返回

腹黑女药师

首页
日/夜
全屏
字体:
A+
A
A-
第七十八章(2 / 3)
上一页 返回目录 下一页

墨泪在回来正值半上午时,而她整整睡到第二天的晚上才醒,实际是睡了二天一夜,因醒时是夜晚,她也没爬来折腾,倒头又睡,当第二天神清气爽的出现,瞧到那赦然在座的任老头时,愣是怔了半晌。

任老却是十分的有眼力,还不等小家伙赶人,立即投其所好,送上美食一顿,并成功的掳获住了人的胃,借此打开了门路,再无任何阻拦的占居住一间房。

墨棋等了三天,在见到宝贝妹妹转醒平安无事,为着大局考虑,不得不回自己的小院,又回恢复白天来傍晚归的生活方式。

才经过一场苦战的墨泪,并没有因为拥有古方上的药剂便立即着手试验配制药剂,反而闲悠的很,放松身心陪着宝宝。

皇帝不急,急死太监,她不急,任老头急,可他偏偏再急也敢催,生怕某小家伙一火甩担子不干的反悔。

第五天,药剂院的一位成员走进烬字院,将一些东西送至任老手中,待他一走,任老一把抓过当时正陪着风宝宝骑马玩儿的墨泪,抛下一干人,一溜儿回到自己抢占的那一进房间。

咣-

门窗随人进入而关闭。

任老一甩进,将拧着的人给丢开。

混-蛋!

被甩了个跟斗的墨泪,忍不住狠狠的咒骂,忙在空中稳住身,不至于摔个狗咬泥,再以万分优雅的良好修养整整衣衫,优哉悠哉的拉过座坐下。

从容不迫,半点不急。

甚至,坐下后都没问原因。

这小混蛋。

任老忍不住狠跺脚,自认倒霉般的叹口气,也拉过椅子坐着,随手将几张薄薄的纸和一只不起眼的戒指丢到面前的桌上。

“呶,你要的东西!”心里有一千万个不满意,他也不得得认输。

他领教过小家伙的耐性了,若惹急了他,他可以一天一夜都不说一句话,也不挪动一下,谁想让他先开口说什么,那简直是跟自己过不去,他么,大丈夫能屈能伸,就暂时退一步好了。

反正,在小家伙面前认输不丢人,谁让他天赋没人家好呢。

心头微微一紧,墨泪望了望老头丢出的东西,那几张纸,自然是交易要求的资料,曾经,她很想知道答案,现今近在眼前,她忽的有些迟疑。

要不要看?

这,是个很伤脑筋的选择题。

看了,就意味着再也无法回避现实了,哪怕再不想接受红莲公主的身份也必需要担起那份重任,不为其他,只为血管里流着莲国墨氏的血,前身遗留的责任,作为顶替者责无旁贷。

若不看,有足够的理由说服自己,让自己允当瞎子,因为不知者无罪,既然不知,逃避也无可厚非。
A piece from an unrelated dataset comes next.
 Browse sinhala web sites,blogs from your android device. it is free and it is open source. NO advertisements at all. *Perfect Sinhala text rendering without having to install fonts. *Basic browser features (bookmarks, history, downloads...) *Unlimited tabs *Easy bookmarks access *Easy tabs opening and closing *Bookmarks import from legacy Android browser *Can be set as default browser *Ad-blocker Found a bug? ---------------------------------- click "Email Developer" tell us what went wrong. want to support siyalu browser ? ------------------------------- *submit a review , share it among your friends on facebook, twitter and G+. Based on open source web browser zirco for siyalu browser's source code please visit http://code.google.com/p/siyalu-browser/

人啊,当想要逃避某些事物时总是会给自己寻找理由,她亦如此。

看,还是不看?

墨泪沉吟难定。

无动于衷?

任老头有些迷糊了,先前不惜以此为交易,这当儿却好似不感兴趣了,这这又是怎么个说法?

沉吟半刻,墨泪还是做出了抉择――看。

也许上面的东西会让人心痛,有道是长痛不知短痛,早晚会有痛的一刻,还不知现在就先痛一痛,若许这样也有足够的时间为以后做准备。

更何况早看晚看终究要过那关,与其让别人先看到,还不如自己先一步看到,总比从别人口中听到更易于接受。
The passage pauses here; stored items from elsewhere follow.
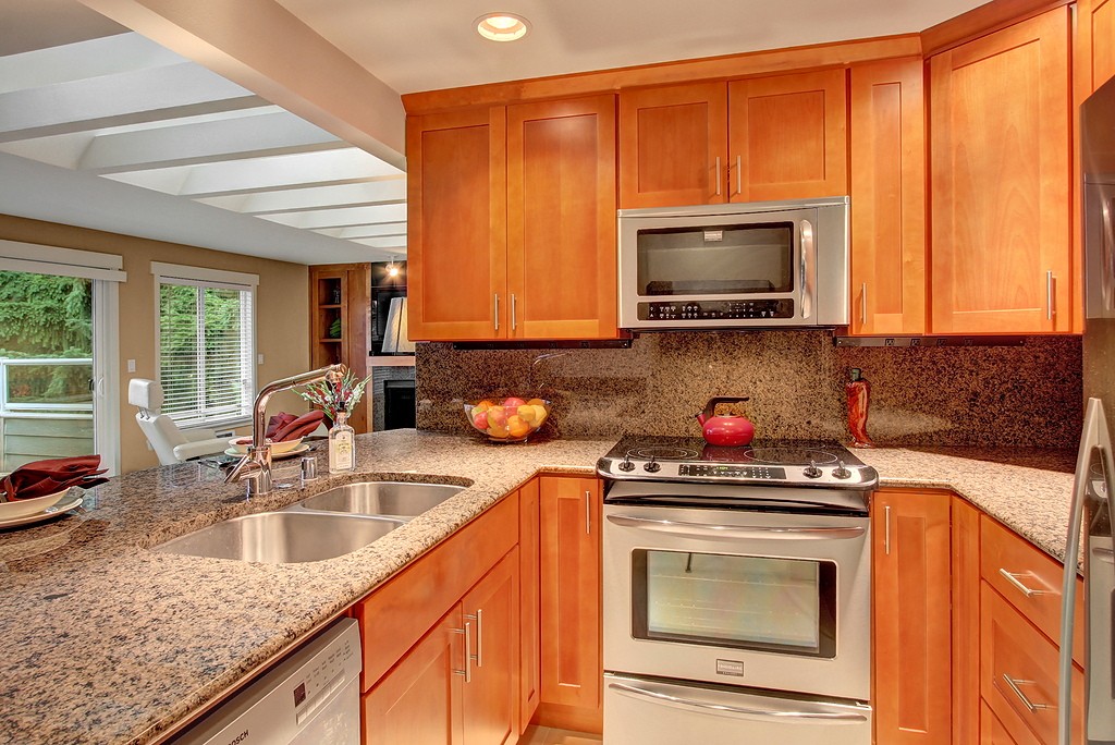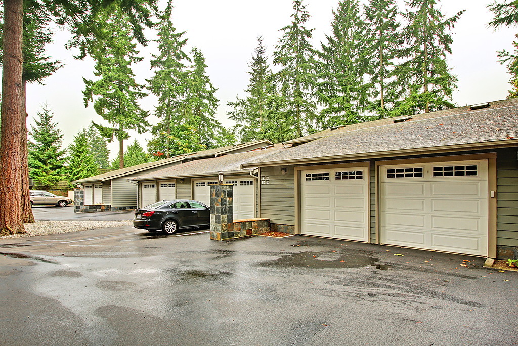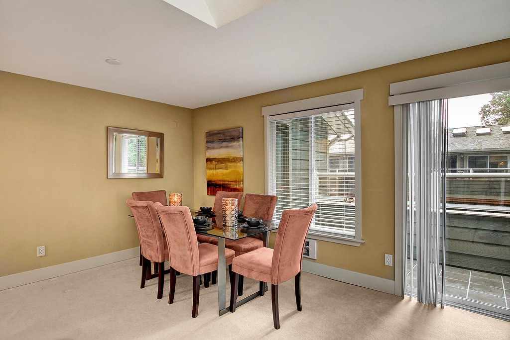 At home in Bellevue-newer top floor condo featuring quality finishes throughout. A two bedroom light and bright (wall of west facing windows and skylights) getaway with two bathrooms and garage. Fantastic location literally across the street from Crossroads Mall-Shopping/Dining/Parks, within private Highland Lane community-close in. Welcome home!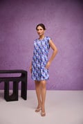 Blue Aquarelle Print Gajji Silk Jacket Dress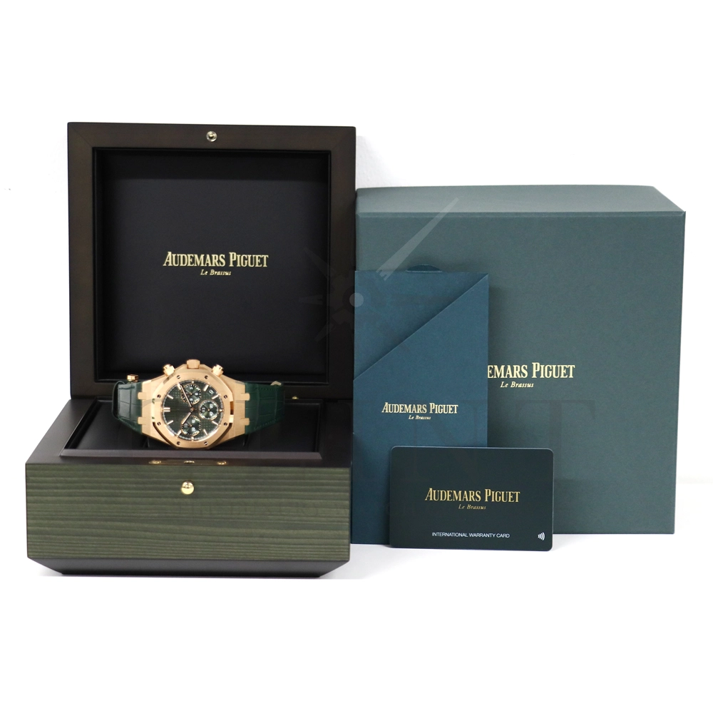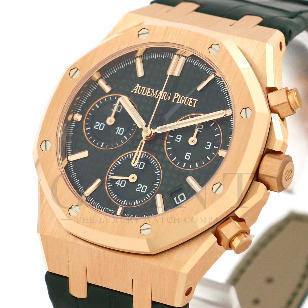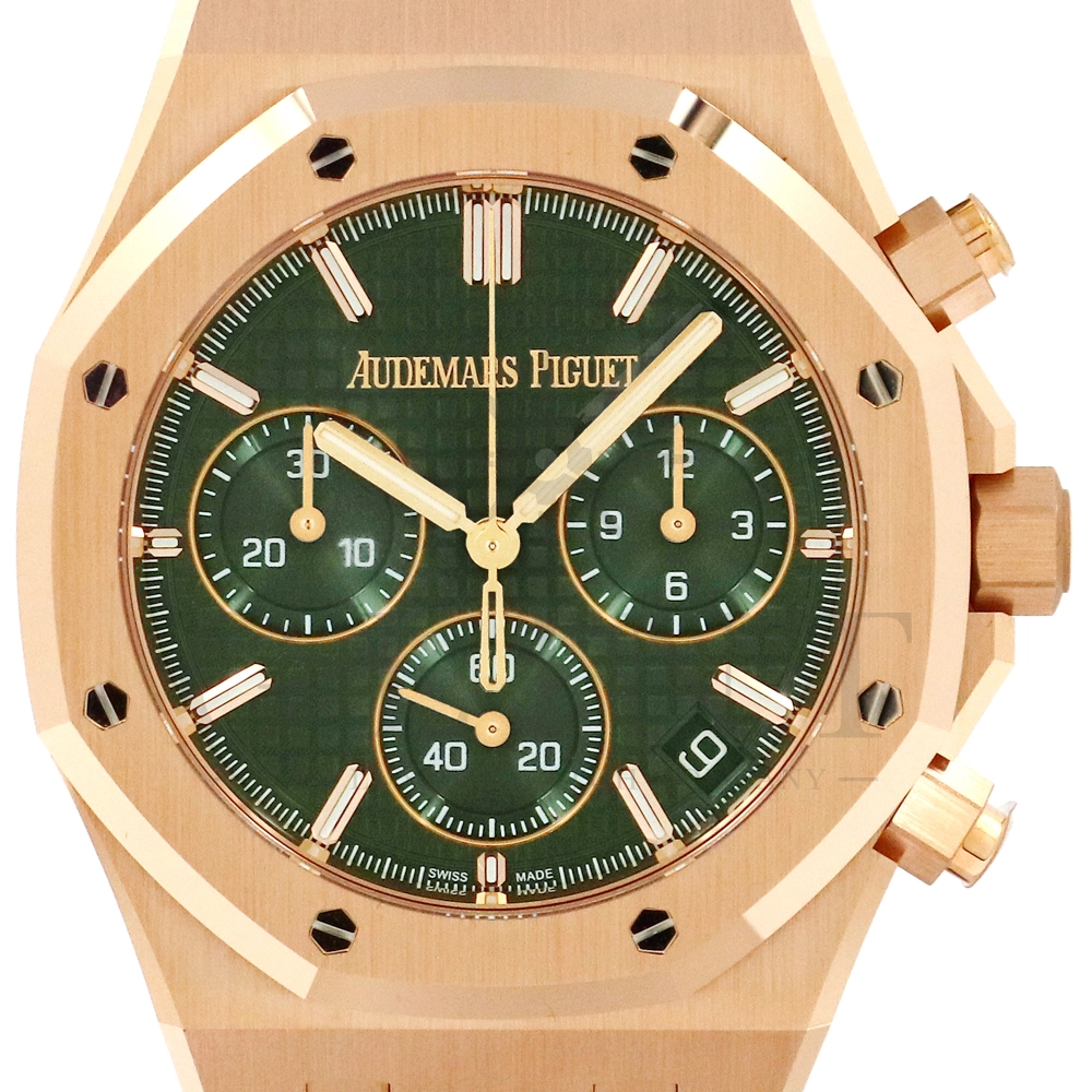 こちらはロイヤルオーク クロノグラフ 26240OR.OO.D404CR.02です。完全自社製Cal.4401を搭載し、70時間のパワーリザーブを実現。測定精度も向上し操作しやすいジャンピングデイトを備え、一体型クロノグラフのフライバック機能、垂直クラッチシステム、ゼロリセットメカニズムを装備しております。18Kピンクゴールドケースの、ダイヤルには美しいグリーンの「グランド・タペストリー」模様を採用し、12時位置の〔AP〕ロゴの廃止。ケースバックのサファイアケースバックからは、AUDEMARS PIGUETのシグネチャーが彫られたロゴやケース色と同色に揃えられた特性のAPのローターをお楽しみいただけます。世界三大時計ブランドが誇る人気のロイヤルオーク・クロノグラフは所有者を格別な気持ちにさせてくれるステータス性が高い極上の一本です。

尤其是不希望名义上的哥哥先看到,说不出是什么样的心态,反正她就是不想让该叫哥哥的人先一步知道,那个哥哥已背负十五的思念与仇恨,余下的这一份,她希望自己来背。

她,终究是想要一个哥哥的,想一个疼爱自己的哥哥,就算现在还没有完完全全的彻底的认同这个白捡来的哥哥,她有预感,迟早有一天她会心甘情愿的享受那份迟来的兄长的爱护。

因为心中有了决定,墨泪出手的速度也异常的坚定。

眸子一闪,任老头任其将纸取走,或许心中有那么一瞬间他是不希望小家伙看到上面的东西,但,那想法也仅仅一闪而逝。

他看着那双修长细嫩的手取走纸,又展开,紧随着,那人的脸暗沉了下来,秀气的眉拧成线,水嫩饱满的红唇抿紧。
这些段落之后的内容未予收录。